Марта только вдохнула про себя.
Для нее это будут всего лишь фантастические рассказы, не более.
* * *
— Марта, что я говорил тебе насчет входа без стука?!
…Да что он в ней такого нашел?!
Боже, Марта никогда не думала, что будет чувствовать себя именно так. Неужели все действительно настолько сильно зависит от цвета волос? Он западает только на блондинок?! Это просто смешно.

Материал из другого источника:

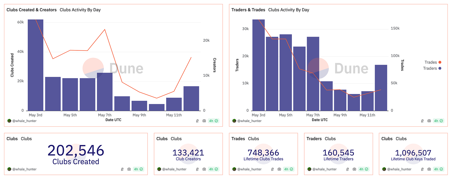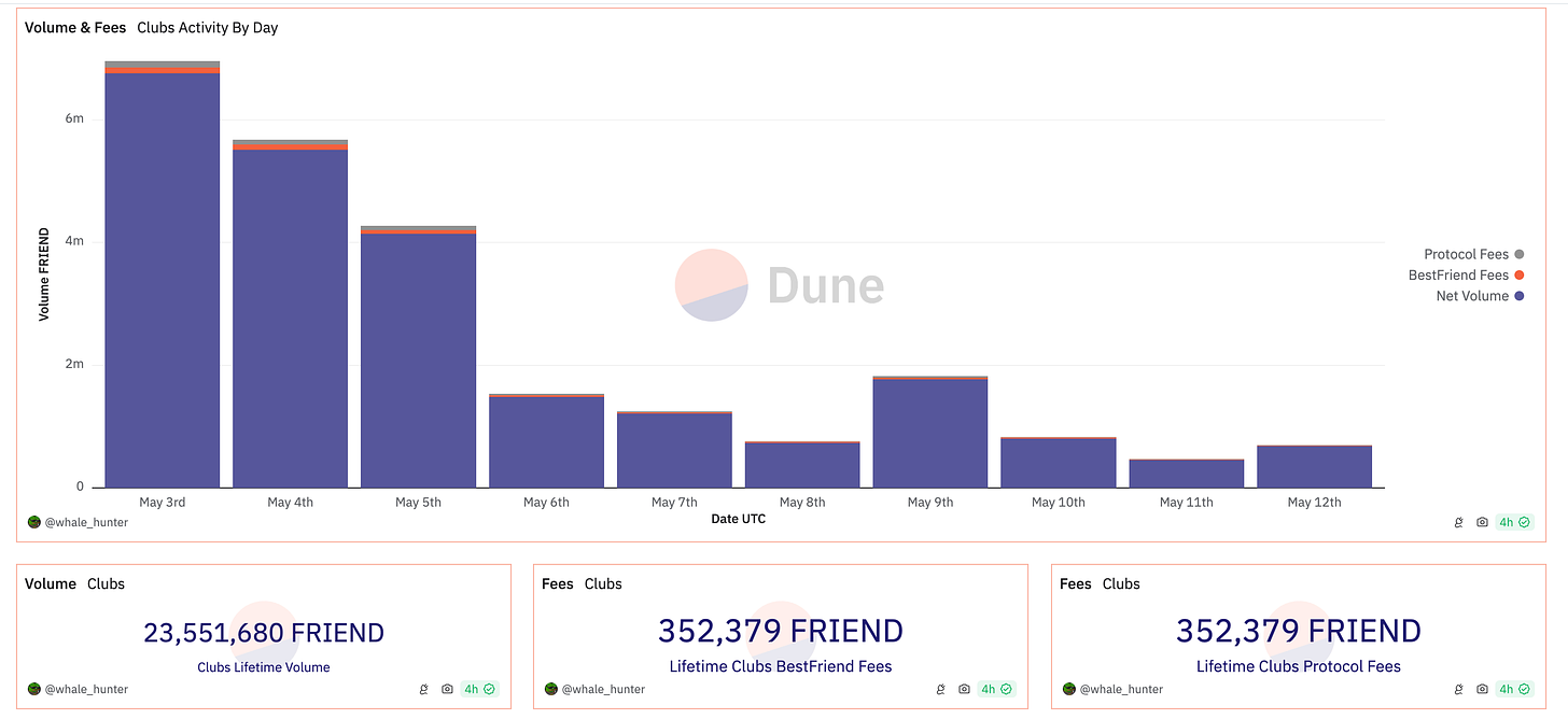 截止撰稿(5 月 13 日),Dune 仪表盘数据显示,Friend.tech 内已创建了 20.2 万个 Club,而 Club 的交易人数达到 16 万人,交易量达到 2355 万 FRIEND(市价合为 5110 万美元)。但值得注意的是, claim $FRIEND 空投,最开始用户只能认领其份额的 10%,剩下的 90% 则需要加入至少一个 Club 才可以 claim。所以 Club 的交易活动激增,也离不开这一 claim 规则。

Или же правила этого мира, с его кастовой значимостью и цветностью, настолько впитались в кожу бывшего Повелителя Времени, что обычная девушка с окраины была для него более подходящей пассией? Несправедливо. Со всех сторон, как ни посмотри. Она не была им замечена будучи спутницей невероятного путешественника во времени и пространстве с далекой планеты Галлифрей. Но сейчас он — обычный человек, и что же? Все повторяется.
Это просто нечестно.
Только и оставалось, что разговаривать с видеозаписью об этом.
О том, что Джон Смит просто взял и влюбился в человека.
* * *
…Это уже было знакомо. Не здесь и не сейчас. Очень давно, далеко, и вместе с тем — совсем рядом, за переборкой сознания.
Плачущие от страха мальчишки, сжимающие оружие в неверных руках. Они не должны убивать. Никто не должен убивать, это неправильно. Отбирать жизни против воли…
Пальцы сжались на прикладе, задрожали у спускового крючка. Под шум пальбы, под сизый дым, пахнущий порохом и гнилой соломой, под далекие крики команд пробивается в памяти совсем иной шум.
Жара, оранжевое зарево среди каменных переулков. Кричащие от ужаса люди. Их уничтожали сотнями, тысячами, миллионами… Настоящий геноцид, совершаемый чужими руками. Приходилось защищаться, но как? Как убить, если все, что хочется в данный момент — это сохранить жизнь как можно большему количеству существ? Зачем бессмысленные убийства? Ради желания просто убить?
Это неверно. Это какая-то извращенная, чужеродная логика.
Никто не должен умирать.
Тем более дети.
Детей нельзя убивать…
…Два миллиарда четыреста семьдесят миллионов…
* * *
— Я… Я Джон Смит. Джон Смит! И никем больше не хочу быть!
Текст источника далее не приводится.